After the deployment script deploy.sh completes successfully, the AWS CDK creates the following resources in your account:

  • An Amazon Cognito user pool that is used as a user registry.
  • An Amazon API Gateway API that contains three resources:
    • A protected resource that requires step-up authentication.
    • An initiate-auth resource to start the step-up challenge response.
    • A respond-to-challenge resource to complete the step-up challenge.
  • An API Gateway Lambda authorizer that is used to protect API actions.
  • The following Amazon DynamoDB tables:
    • A setting table that holds the configuration mapping of the API operations that require elevated privileges.
    • A session table that holds temporary, user-initiated step-up sessions and their current status.
  • A React web UI that demonstrates how to invoke a privileged API action and go through step-up authentication.

Test the step-up solution

In order to test the step-up solution, you’ll use the sample web application that you deployed in the previous section. Here’s an overview of the actions you’ll perform to test the flow:

  1. In the AWS Management Console, create items in the setting DynamoDB table that point to privileged API actions. After the solution deployment, the setting DynamoDB table is called step-up-auth-setting-<ENV_PREFIX>. For more information about ENV_PREFIX variable usage in a multi-tenant environment, see Deploy the step-up solution earlier in this post.

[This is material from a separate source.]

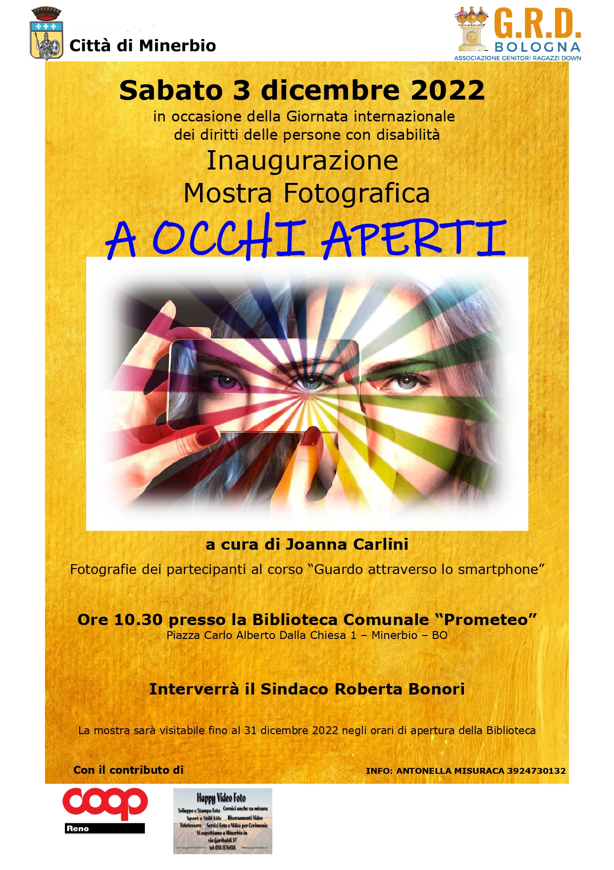 Sabato 3 dicembre 2022, in occasione della Giornata internazionale dei diritti delle persone con disabilità, alle ore 10.30 presso la Biblioteca Comunale "Prometeo" si terrà l' inaugurazione della mostra fotografica, a cura di Joanna Carlini, "A occhi aperti" - fotografie dei partecipanti al corso "Guardo attraverso smartphone" tenutosi presso la Biblioteca a ottobre e novembre.

    As discussed, in the Data design section in Part 1 of this series, the Lambda authorizer treats all API invocations as non-privileged (that is, they don’t require step-up authentication) unless there is a matching entry for the API action in the setting table. Additionally, you can switch a privileged API action to a non-privileged API action by simply changing the stepUpState attribute in the setting table. Create an item in the DynamoDB table for the sample /transfer API action and for the sample /info API action. The /transfer API action will require step-up authentication, whereas the /info API action will be a non-privileged invocation that does not require step-up authentication. Note that there is no need to define a non-privileged API action in the table; it is there for illustration purposes only.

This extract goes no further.